As you can see from the image, the GPS is on, but there is no Cellular (this unit only has Wifi) an the Wifi is off. You can see the blue arrow (below the word "Beaverton")....that is me!

One thing...have you downloaded maps for "Offline Viewing"? You need to do this first.


----------



## rdvholtwood (Sep 18, 2008)

BluegrassRV said:


> A little off topic, but we are thinking of getting an iPad on a standard data plan (not prepaid) from Verizon or AT&T. Can you all please share your thoughts on what service provides great coverage in a variety of areas when you're traveling? Im more interested in whether one provider has wider coverage than faster speed.
> 
> Particularly interested in how the coverage is for the different carriers while you're using iPad in passenger seat and vehicle is moving.
> 
> ...


i know this topic is old; however, I am wondering *what service you ended up choosing? *- and how you like it. I have an iPad 4 with wireless and just bought my wife the same one. I am within the 14 day return/exchange window and am thinking about exchanging it for an iPad 4 with cellular. From what I've found searching on the web, it looks like *Verizon *might be the choice I would select.

We live in a rural area that historically had no coverage years back. DW and I both have cell phone plans with AT&T and coverage is ok. When I checked the Verizon map for Holtwood, it showed we had 4GLTE coverage.

Thanks,

Rick


----------



## BluegrassRV (Aug 14, 2012)

Hello, sorry for the late reply, we were in Yellowstone for 2 weeks. I can say the Verizon Ipad 4 has had mixed results... really not fair for me to judge it while traveling since most of the time we were in very remote areas. I-90 through South Dakota was pretty disappointing for coverage. Once we got into Wyoming Verizon ipad coverage was spotty, then once we were in Yellowstone, we got nothing the whole time.

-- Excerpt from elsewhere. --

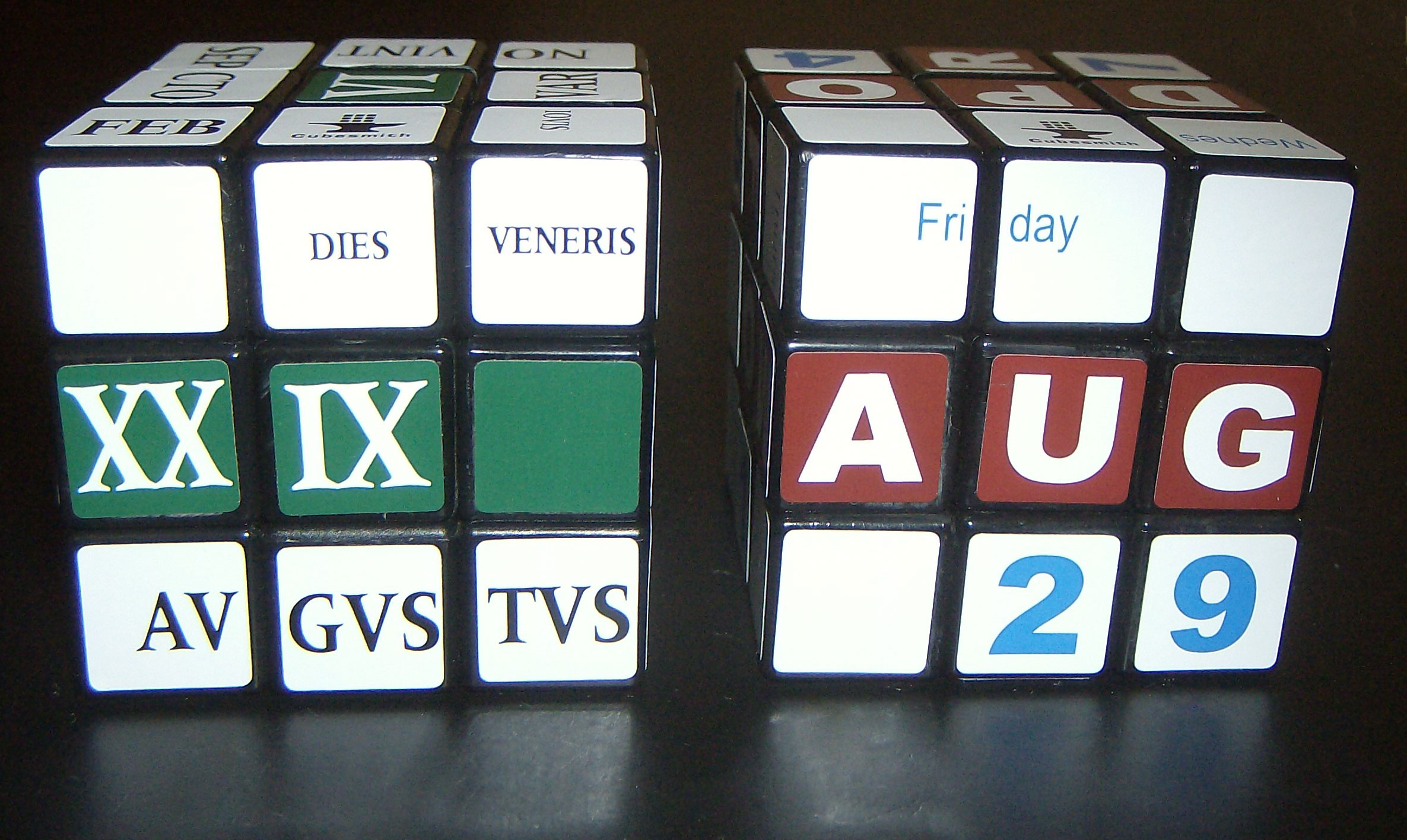 Two calendar cubes, displaying the date in English and Latin. The date on the Latin cube is a direct translation of the English one.
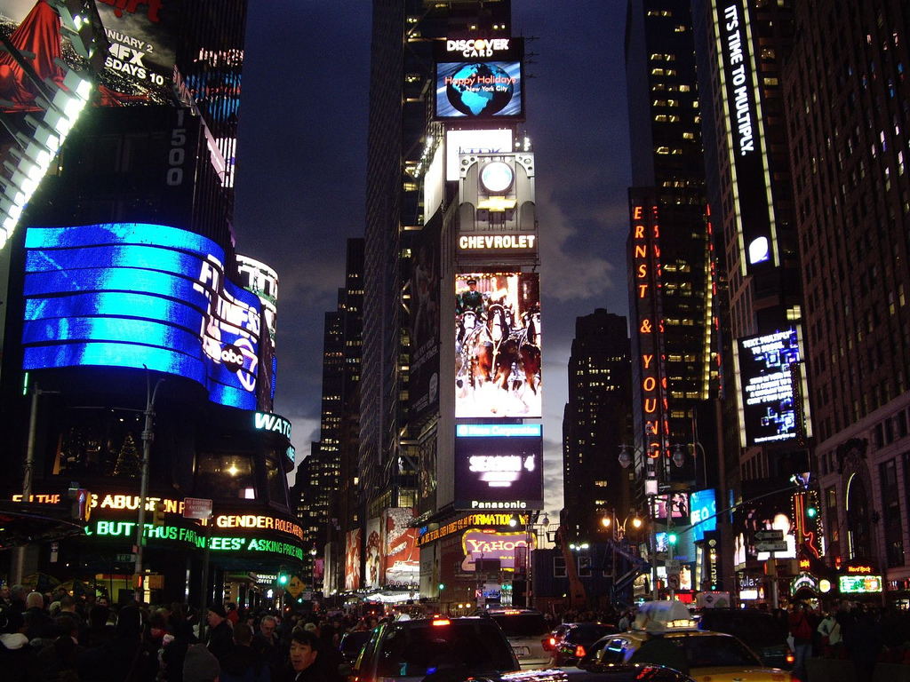 Times Square at night

Also when we then when down to the Snake River KOA in Jackson, WY (a town of 10K), the coverage was showing as 1 bar, but really pathetic.

But once we got onto interstates (I-80) we really didnt have any trouble and got many bars and even some LTE.

Im not really saavy on the technical language and what not, i just know when the thing works and when it doesnt.

Hope that helps.


----------